### [What is required]
Nothing but the pictures may be dropped; the rest of the listing is to be written out exactly.

### [Provided material]
------------------------------------------------------------
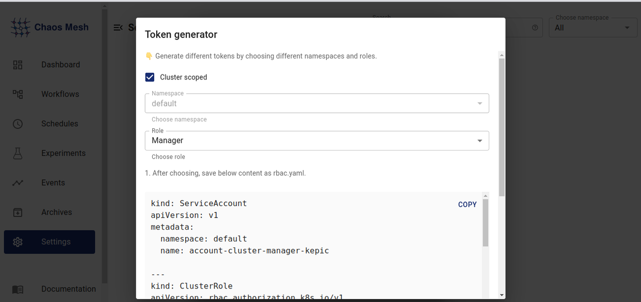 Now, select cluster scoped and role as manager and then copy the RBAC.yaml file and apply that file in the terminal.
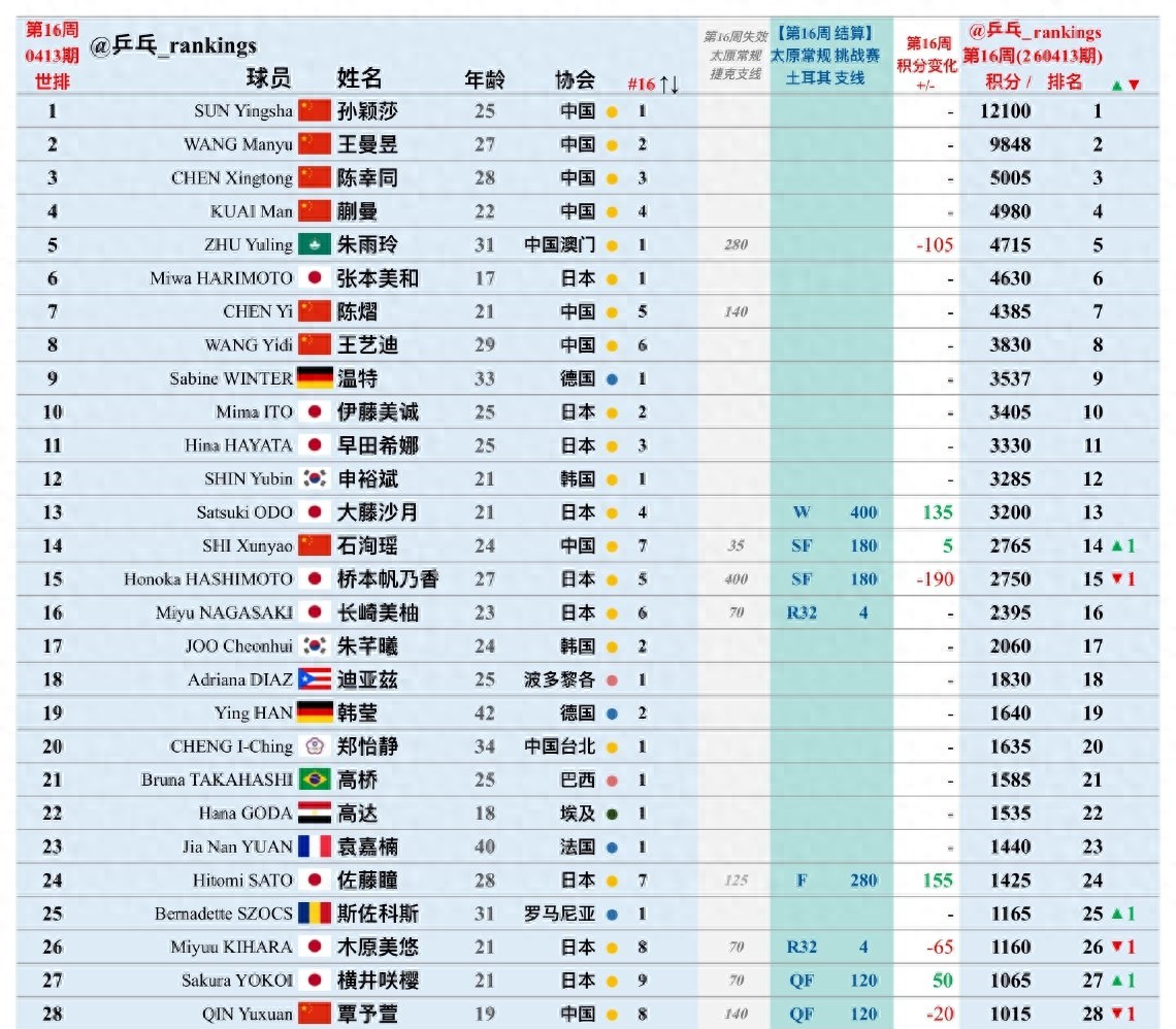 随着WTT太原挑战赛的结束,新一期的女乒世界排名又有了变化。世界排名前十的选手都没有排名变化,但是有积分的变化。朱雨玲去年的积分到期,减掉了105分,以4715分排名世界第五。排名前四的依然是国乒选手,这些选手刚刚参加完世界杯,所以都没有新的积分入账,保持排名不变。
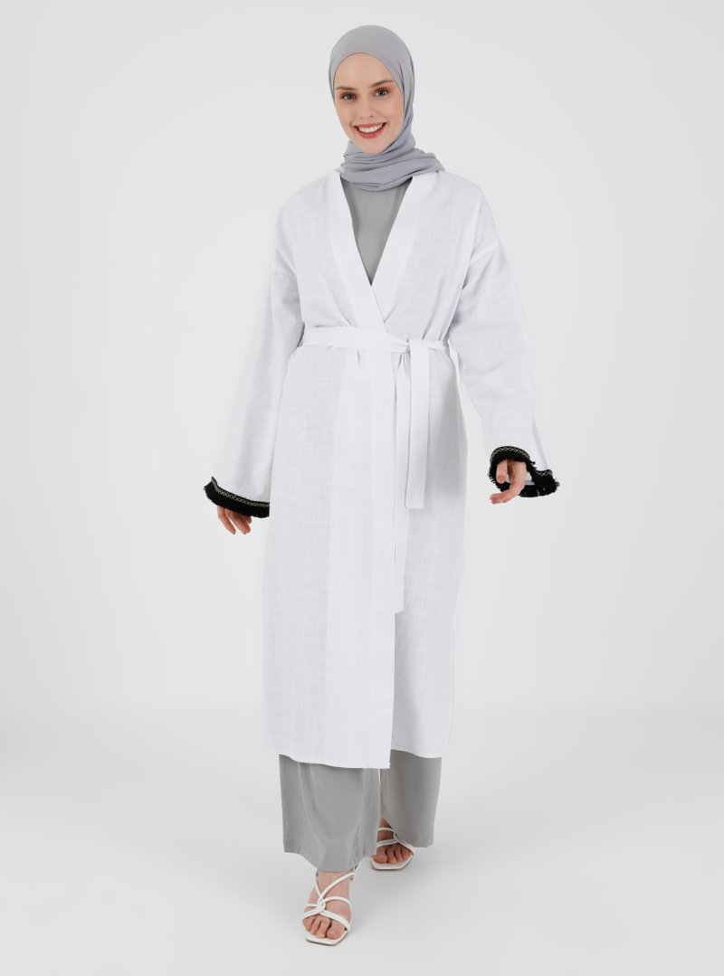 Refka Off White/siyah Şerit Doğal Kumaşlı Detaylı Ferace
------------------------------------------------------------
### [Answer box]
 Now, select cluster scoped and role as manager and then copy the RBAC.yaml file and apply that file in the terminal.
 随着WTT太原挑战赛的结束,新一期的女乒世界排名又有了变化。世界排名前十的选手都没有排名变化,但是有积分的变化。朱雨玲去年的积分到期,减掉了105分,以4715分排名世界第五。排名前四的依然是国乒选手,这些选手刚刚参加完世界杯,所以都没有新的积分入账,保持排名不变。
 Refka Off White/siyah Şerit Doğal Kumaşlı Detaylı Ferace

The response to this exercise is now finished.